::: PROVIDED RECORDS

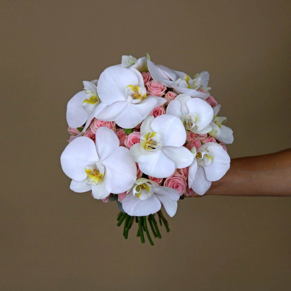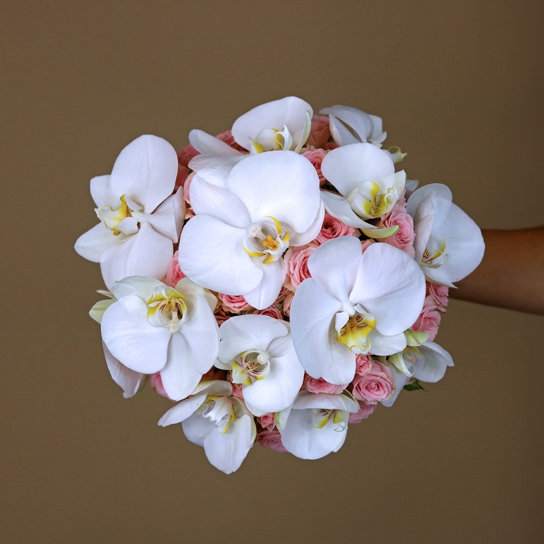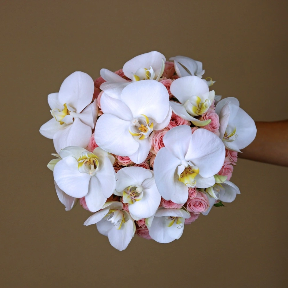 Букет невесты из кустовых роз и орхидеи
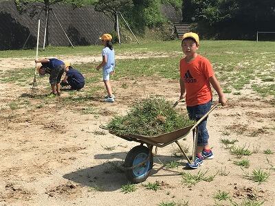 岩戸小学校の運動場は草が生えて、シマウマが住む草原のようになっていましたが、今日、全校児童で行った草抜きでずいぶんきれいになりました。暑い中ありがとうございました。8月20日(日)は第2回PTA環境整備作業になっております。ご協力お願い致します。
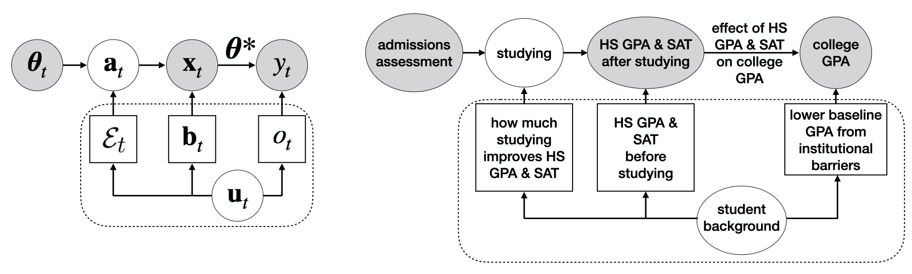 翻译:在机器学习(ML)算法自动化或告知对人作出相应决定的环境下,个别决策主体往往受到激励,从战略上修改其可观测特征,以获得更有利的预测。因此,评估规则所培训的分布可能不同于部署时所操作的分布。虽然这种分布变化一般会妨碍准确预测,但我们的工作确定了与战略反应所导致转变相关的一个独特机会:我们表明,我们可以利用战略对策有效地恢复可观测特征与结果之间的因果关系,即使存在未观测到的相混淆变量,我们也希望预测这些特征和结果。具体地说,我们的工作在ML模型的战略反应与工具变量(IV)回归之间建立了一种新的联系,通过观察所部署模型的顺序可被视为一种影响代理人的可观察特征但并不直接影响其结果的工具。我们表明,我们的因果回收方法可以用来改善以下几个重要标准的决策:个人公平性、代理人结果和预测性风险。我们特别表明,如果决策主体在修改非因果属性的能力上有所不同,任何决定性规则与因果系数的不公分化程度之间,则可以导致没有因果关系。
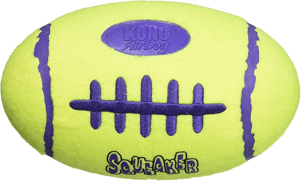 ASFB1 Size: Large Features: -Air squeaker football toy. -Covered in non abrasive material that will not wear down dog's teeth. Product Type: -Balls. Squeaker / Makes Noise: -Yes. Pet Category: -Dogs. Color: -Greens.
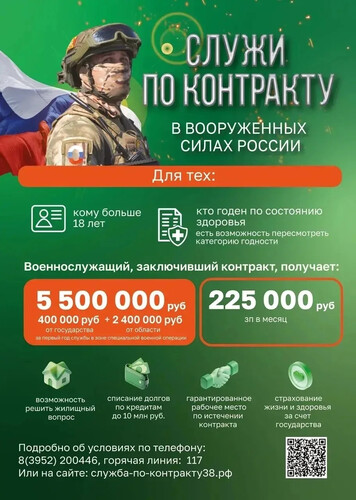 Военнослужащие, заключившие контракт с 1 января 2026 года, получат: 🔹 Региональную единовременную выплату — 2 400 000 рублей ➕ К этому — зарплата по занимаемой должности и полный пакет социальных гарантий для военнослужащих и их семей, предусмотренный законом. 💰 Общий доход за первый год службы — более 5 миллионов рублей! --- 📌 Подробности — по телефону 117 📞 Контактное лицо: Ирина Романовна — 8 (908) 779-47-14 #СлужбаПоКонтракту #Качуг #ПоддержкаГероям #АрмияРоссии #КачугскийОкруг |
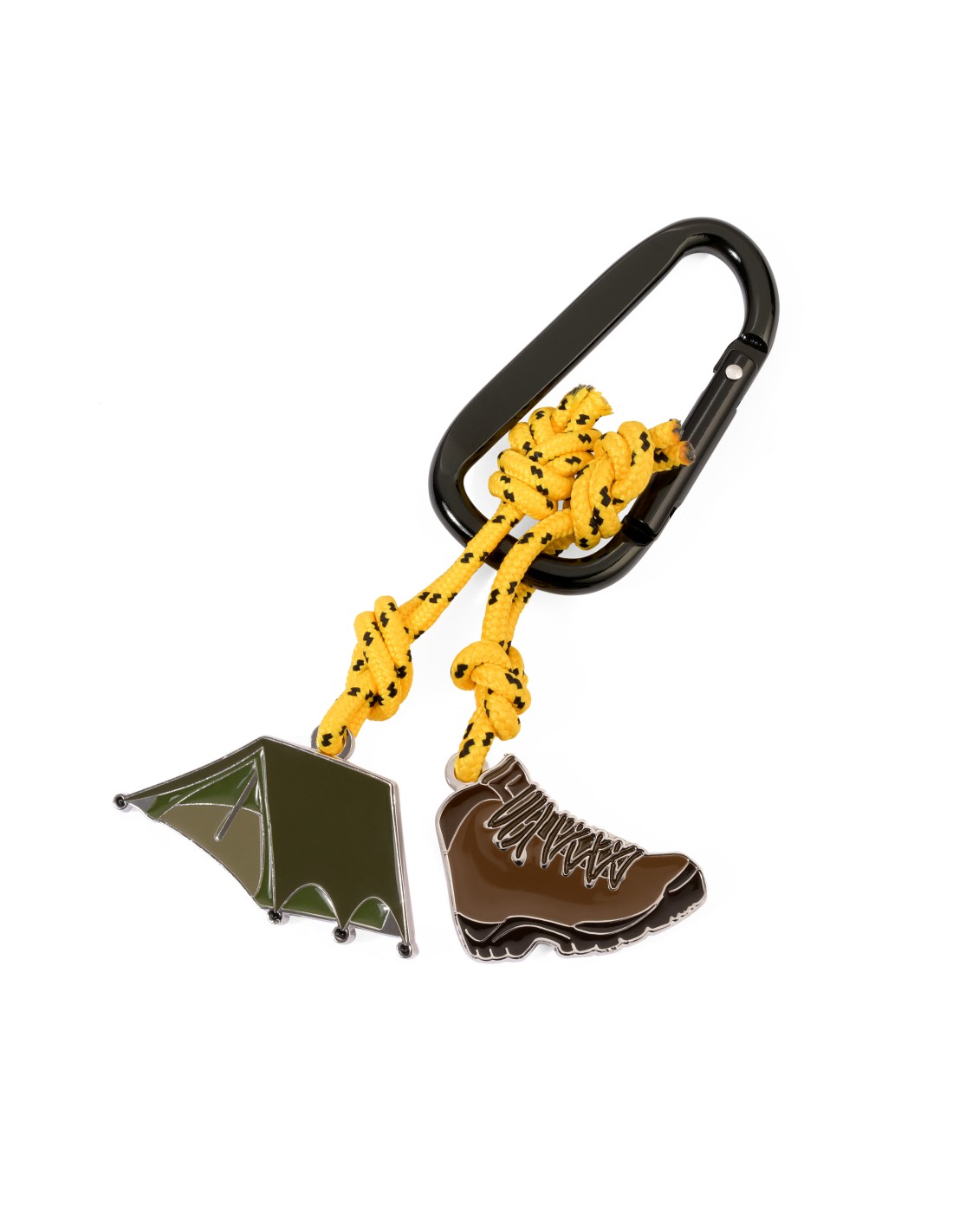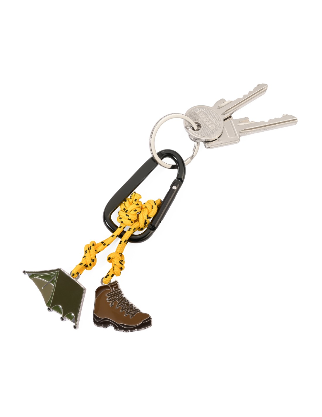 Porte-clés incl. mousqueton, 2 pendentifs sur une corde d'escalade décorative: tente, chaussures de randonnée, aluminium, émail, fonte métallique, nylon, brillant, multicolore

::::::

#### [WORK INSTRUCTIONS]
Omit the pictures, then quote the rest of the material above exactly.

#### [ANSWER SPACE]
 Букет невесты из кустовых роз и орхидеи
 岩戸小学校の運動場は草が生えて、シマウマが住む草原のようになっていましたが、今日、全校児童で行った草抜きでずいぶんきれいになりました。暑い中ありがとうございました。8月20日(日)は第2回PTA環境整備作業になっております。ご協力お願い致します。
 翻译:在机器学习(ML)算法自动化或告知对人作出相应决定的环境下,个别决策主体往往受到激励,从战略上修改其可观测特征,以获得更有利的预测。因此,评估规则所培训的分布可能不同于部署时所操作的分布。虽然这种分布变化一般会妨碍准确预测,但我们的工作确定了与战略反应所导致转变相关的一个独特机会:我们表明,我们可以利用战略对策有效地恢复可观测特征与结果之间的因果关系,即使存在未观测到的相混淆变量,我们也希望预测这些特征和结果。具体地说,我们的工作在ML模型的战略反应与工具变量(IV)回归之间建立了一种新的联系,通过观察所部署模型的顺序可被视为一种影响代理人的可观察特征但并不直接影响其结果的工具。我们表明,我们的因果回收方法可以用来改善以下几个重要标准的决策:个人公平性、代理人结果和预测性风险。我们特别表明,如果决策主体在修改非因果属性的能力上有所不同,任何决定性规则与因果系数的不公分化程度之间,则可以导致没有因果关系。
 ASFB1 Size: Large Features: -Air squeaker football toy. -Covered in non abrasive material that will not wear down dog's teeth. Product Type: -Balls. Squeaker / Makes Noise: -Yes. Pet Category: -Dogs. Color: -Greens.
 Военнослужащие, заключившие контракт с 1 января 2026 года, получат: 🔹 Региональную единовременную выплату — 2 400 000 рублей ➕ К этому — зарплата по занимаемой должности и полный пакет социальных гарантий для военнослужащих и их семей, предусмотренный законом. 💰 Общий доход за первый год службы — более 5 миллионов рублей! --- 📌 Подробности — по телефону 117 📞 Контактное лицо: Ирина Романовна — 8 (908) 779-47-14 #СлужбаПоКонтракту #Качуг #ПоддержкаГероям #АрмияРоссии #КачугскийОкруг |
 Porte-clés incl. mousqueton, 2 pendentifs sur une corde d'escalade décorative: tente, chaussures de randonnée, aluminium, émail, fonte métallique, nylon, brillant, multicolore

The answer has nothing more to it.